NEW JERSEY JEWISH NEWS

Cracks in the foundation?

A brouhaha over the Ford Foundation’s funding of Palestinian groups points to the importance of distinguishing between legitimate advocacy and humanitarian aid for the Palestinians and support for terrorism and terror-related activities.

According to an investigation by journalist Edwin Black (available in full on the Web site of the Jewish Telegraphic Agency, www.jta.org/ford.asp), the Ford Foundation offered more than $35 million in grants to some 272 Arab and Palestinian organizations during the two-year 2000-2001 period alone. Much of this money went for legitimate advocacy and humanitarian purposes, but some of it landed in the hands of Palestinian nongovernmental organizations that were instrumental in organizing anti-Israel activity at the 2001 United Nations World Conference Against Racism in Durban, South Africa. Other recipients have been reluctant to sign a United States executive order that bars a recipient of American philanthropic funding from lending “material support or resources to any individual or entity that advocates, plans, sponsors, engages in, or has engaged in terrorist activity.”
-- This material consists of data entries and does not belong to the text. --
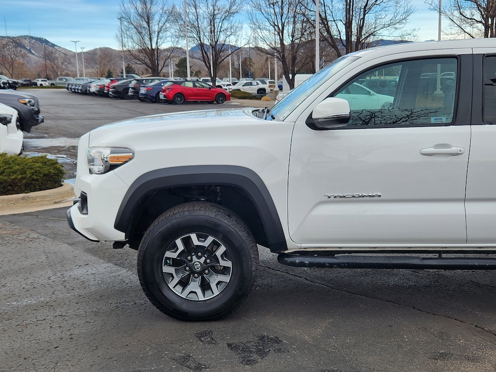 The exterior of this Tacoma is finished in a sleek and eye-catching White color, complemented by a host of premium features. The TRD Off-Road package adds black overfenders, wide-angle front fog lamps, and 16-inch machined contrast alloy wheels, giving the truck a bold and aggressive stance.
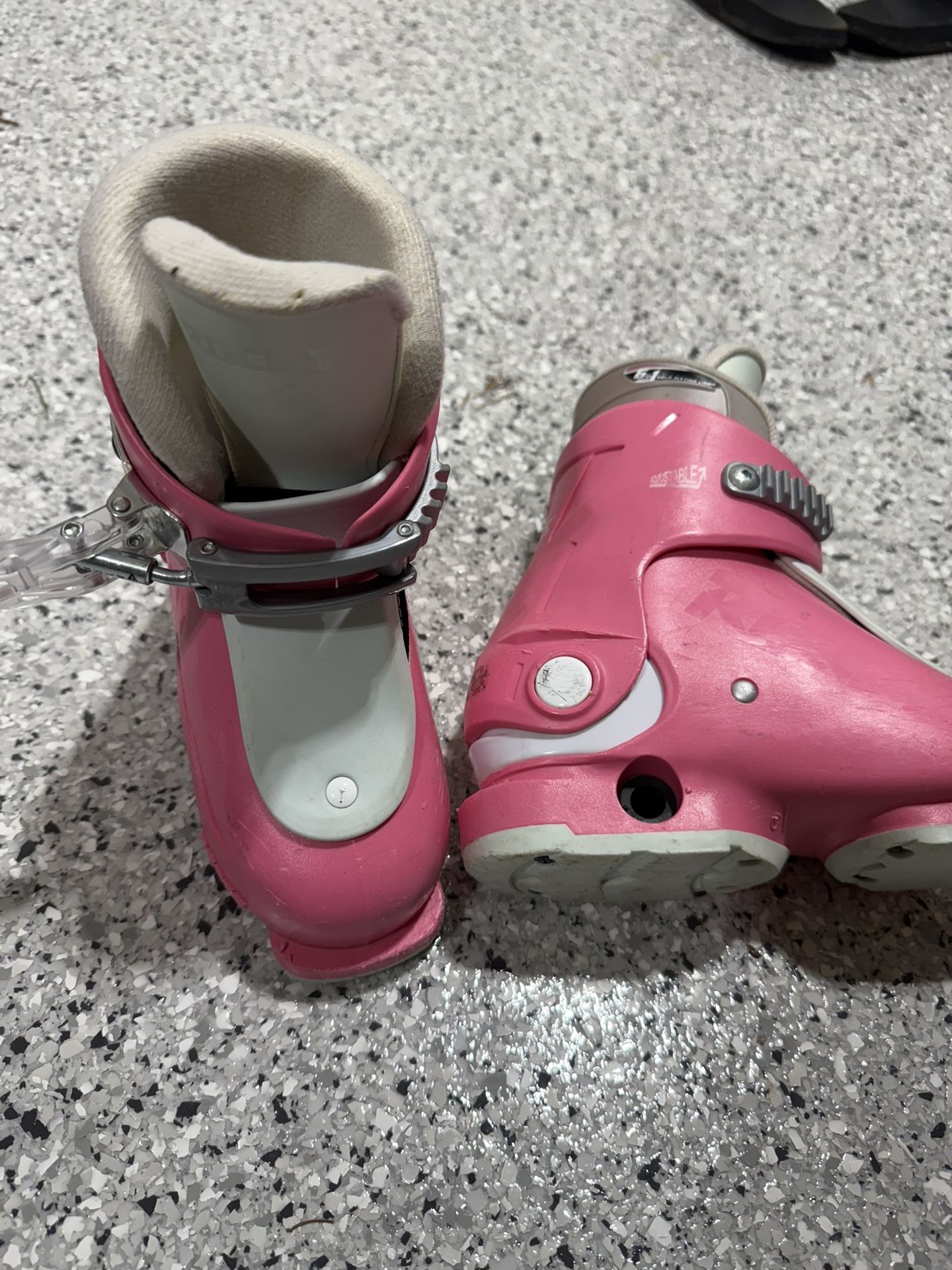 Gently used Roces Idea Up adjustable junior ski boots, perfect for beginner skiers. These boots are size-adjustable, so they grow with your child and last multiple seasons. Details: • Brand: Roces • Model: Idea Up • Youth / kids ski boots • Adjustable sizing (16.0 to 18.5) • Soft flex – great for learning • Easy on/off design • All buckles work properly • Normal cosmetic scuffs from use
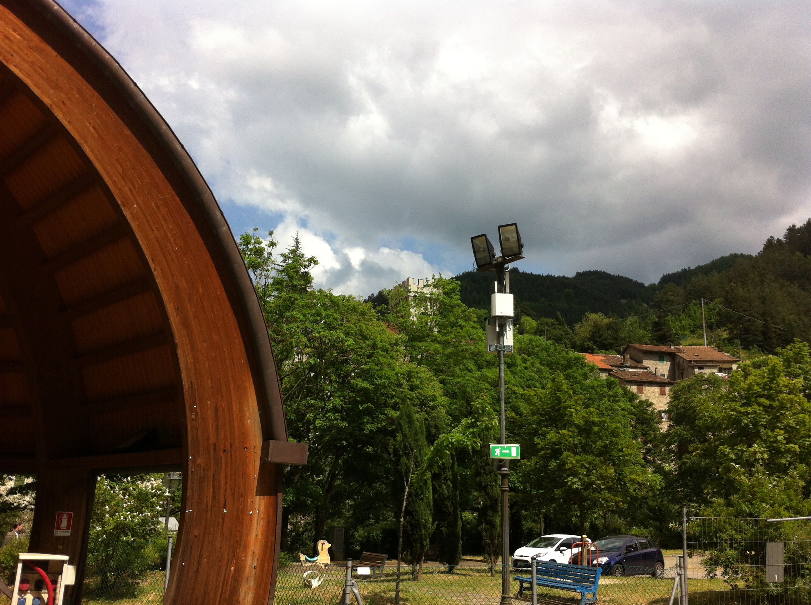 (nella foto un trasmettitore all’area feste sotto un palo per l’illuminazione)
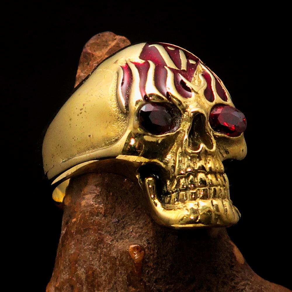 Introducing the Men's 1% Flaming Skull Outlaw Ring, a stunning piece of jewelry that combines bold design with exceptional craftsmanship. This ring is perfect for those who embrace the outlaw spirit and want to make a statement. Made from solid brass, this ring is not only durable but also features a mirror-polished finish that enhances its striking appearance.

Based on the report, the American Jewish Congress is urging Congress to investigate whether certain Ford recipients are linked to terror-related groups in violation of government antiterrorism regulations. Black’s investigation did not establish such links, and supporting the Palestinian cause is not synonymous with supporting terror. But even in the absence of such links, the investigation revealed a network of Palestinian NGOs whose fierce anti-Israel rhetoric would seem to belie many of the aims that made them seem worthy recipients of the Ford Foundation’s peacemaking grants in the first place.

The $10 billion Ford Foundation, which no longer maintains any ties to the Ford Motor Company, has a history of supporting liberal causes in the United States and around the world. The Reform movement received a $500,000 grant for its Middle East peace advocacy program. One of the foundation’s Israeli beneficiaries is the New Israel Fund, the recipient of a recently announced $20 million, five-year grant from the foundation. While it is important for American philanthropies to remain similarly engaged on the Palestinian side, grant-givers must not allow good intentions to trump vigilance. The Ford Foundation has been less than forthcoming in explaining the grants it makes to certain Palestinian groups, and a full accounting is called for.